_Assigned task_
Take the line containing "2月4日,美股夜盘时段,晶科能源直线拉升,现涨超20%。" and every line below it through the end of the entries, and output them verbatim, pictures excluded.

_Entries provided_
::::::::::
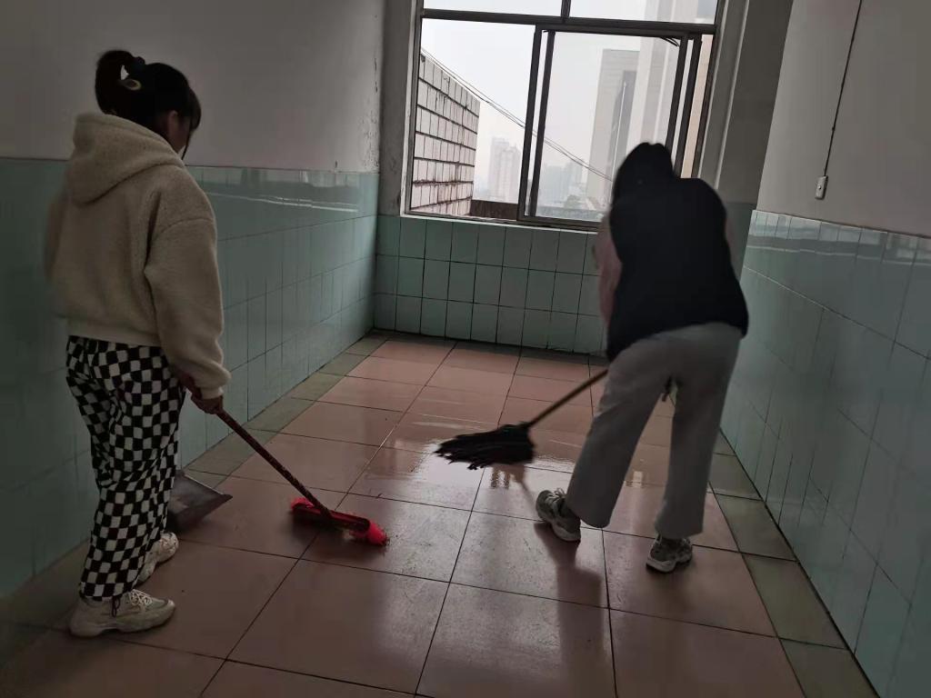 同学们准时来到跬步楼各自负责的区域。他们穿着便衣,拿着工具仔细打扫每一个角落,清理每一处卫生死角。同学们分工明确,有人扫地,有人拖地,有人捡拾垃圾……很快,他们便满头大汗。尽管天气寒冷,但他们仍坚持将教学楼及其周围的花坛打扫干净。经过一小时的辛勤劳动,教学楼变得更加整洁干净。
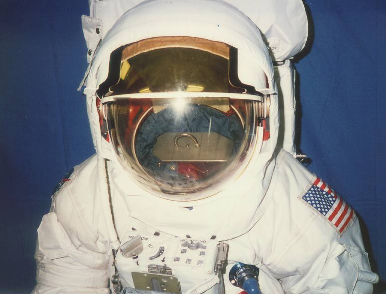 Visor and side shade details are visible in this photograph. Note the oversized tabs used to raise and lower the gold-coated visor and the opaque side shades. The bracket inside the neck ring of the suit is the hanger used when the suit is in storage.
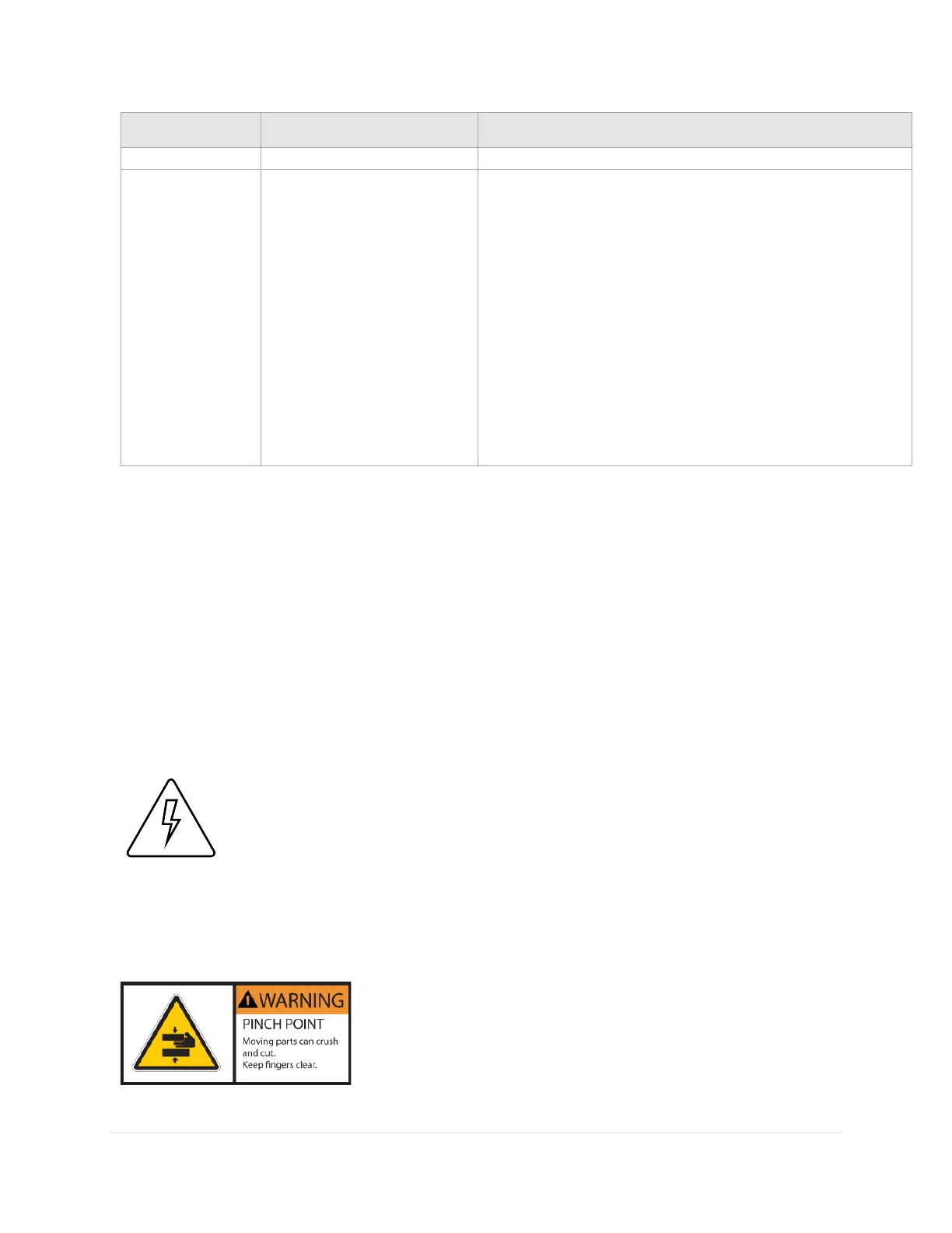 The three Status LEDs on the Electronics Box are illuminated based on the status of the control system.
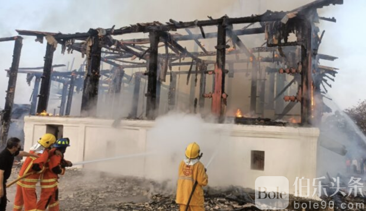 初步勘查发现,整座主殿为缅甸风格木结构建筑,内部供奉的主佛像、古老经书、木雕、彩色玻璃装饰及多件历史文物几乎全部被烧毁,损失极为惨重。
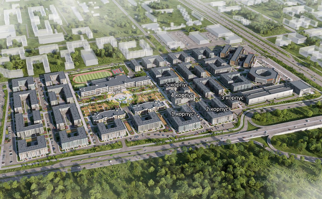 В составе квартала: 30 пятиэтажных домов, школа со спортивным стадионом, 2 детских сада, наземные и подземные паркинги, центральный зеленый бульвар с play hub и местами отдыха для детей. Благоустройство квартала продумано до мельчайших деталей, в его основе - забота о качестве жизни каждого жителя.
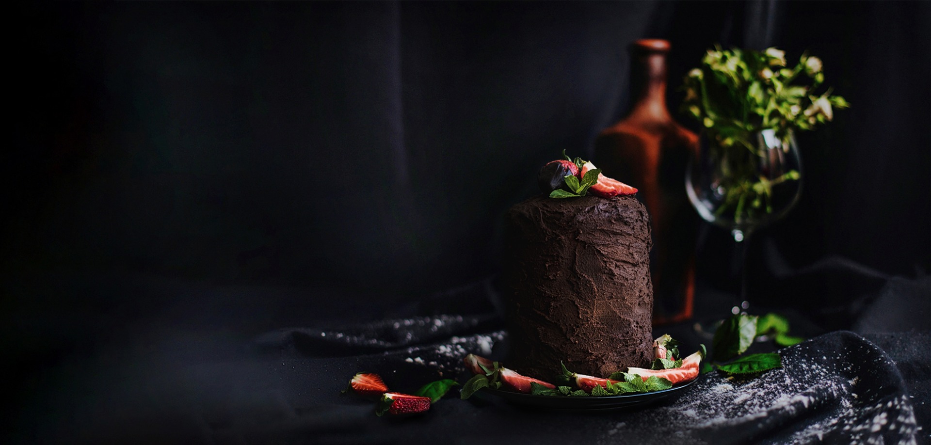 - Descripción:Una exquisita tarta de chocolate negro, rellena de una suave crema de frambuesa, cubierta con ganache de chocolate y decorada con fresas frescas.
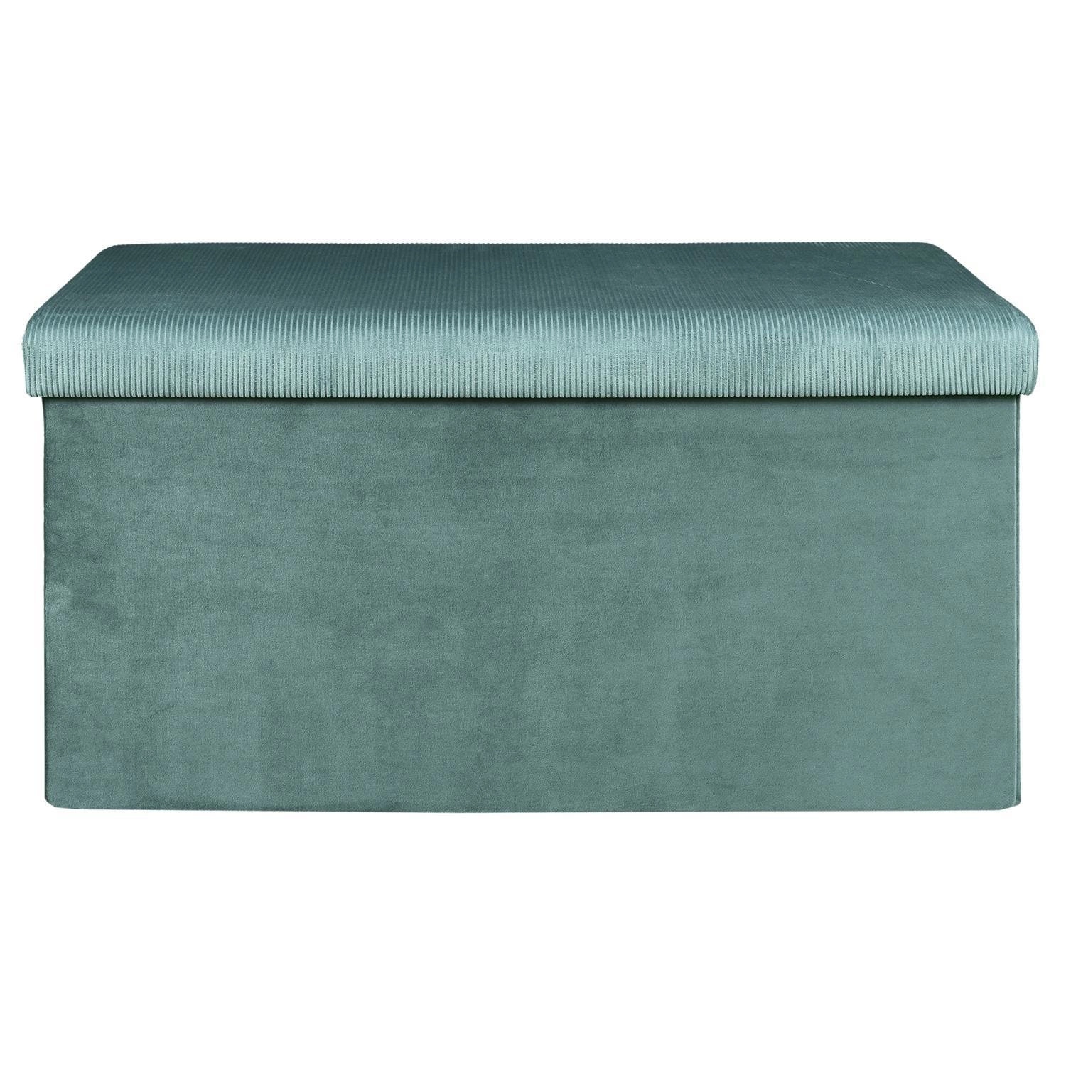 Pufa Intesi Velse je moderní sedací taburet obdélníkového tvaru, vyrobený z měkkého manšestru v hlubokém, mořském odstínu. Díky rozměrům 76×38×38 cm a možnosti složení je pufa ideální jako přídavné místo k sezení i prostorný úložný box na domácí doplňky. Maximální nosnost do 80 kg zaručuje pevnost a skrytý úložný prostor pod sedákem vám pomůže snadno udržet pořádek v obývacím pokoji.
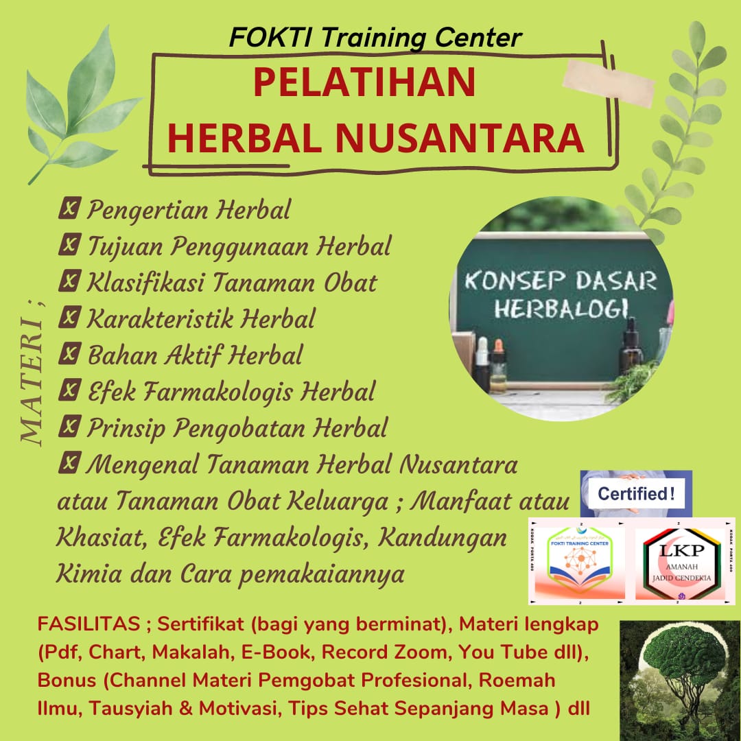 Pelatihan herbalogi basic membahas dasar-dasar herbal nusantara dan herbal thibbun nabawi serta ttdidionsl chinese medicines
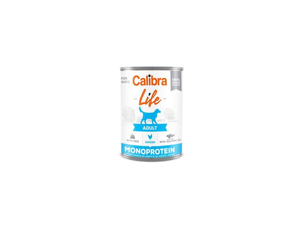 Calibra Dog Life Adult Chicken with Rice – receptura konzervy s kuřetem, kuřecími srdíčky a rýží je kompletním krmivem, která je určená pro dospělé psy.Receptura je založena na jediném druhu proteinu, je sestavena z omezeného počtu ingrediencí. Složení konzervy je bezlepkové, obsahuje jen suroviny té nejvyšší kvality, které jsou ze 100% definovaných zdrojů, což spolu s nízkým obsahem rýže má vliv na lehkou stravitelnost.
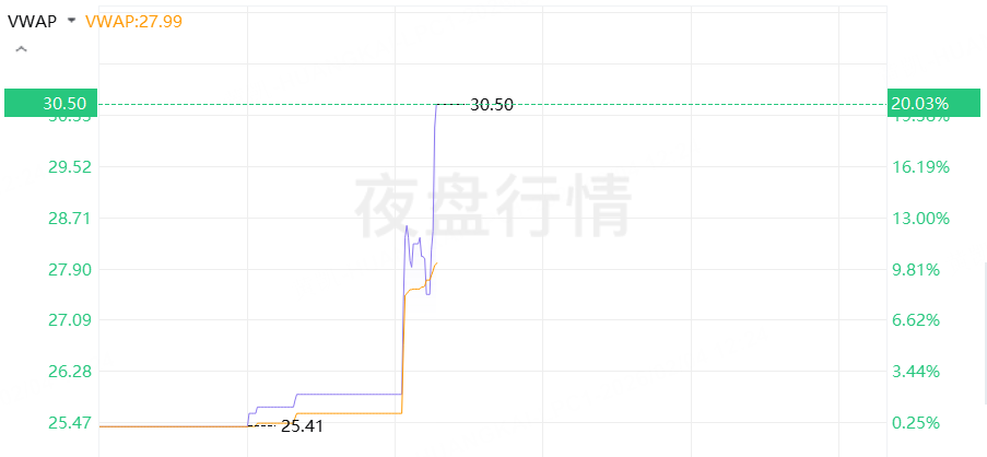 2月4日,美股夜盘时段,晶科能源直线拉升,现涨超20%。
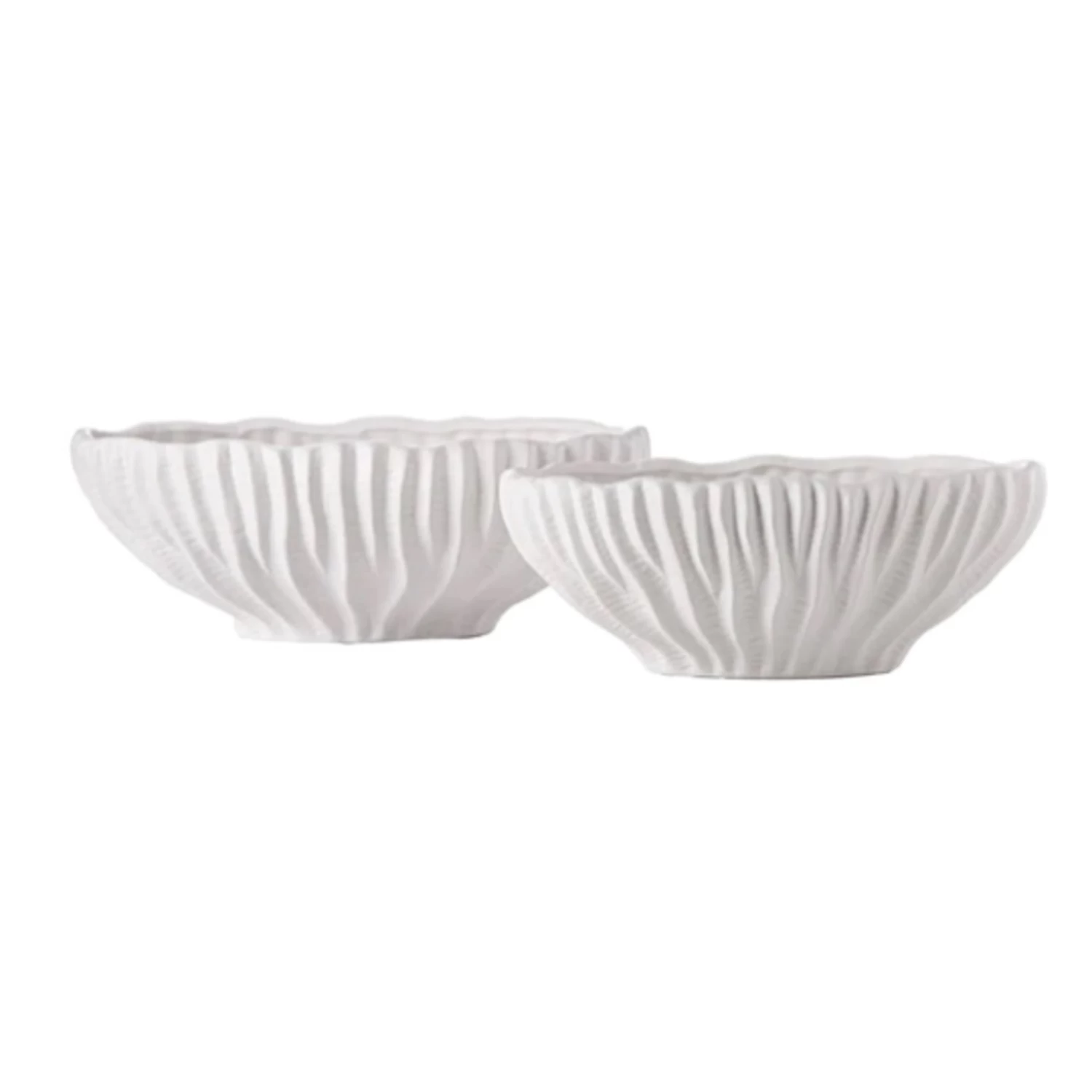 5.5”H X 14.5”L X 8.25”W SMALL MATTE WHITE LOW CERAMIC OVAL SEASHELL
::::::::::
_Task answer_
 2月4日,美股夜盘时段,晶科能源直线拉升,现涨超20%。
 5.5”H X 14.5”L X 8.25”W SMALL MATTE WHITE LOW CERAMIC OVAL SEASHELL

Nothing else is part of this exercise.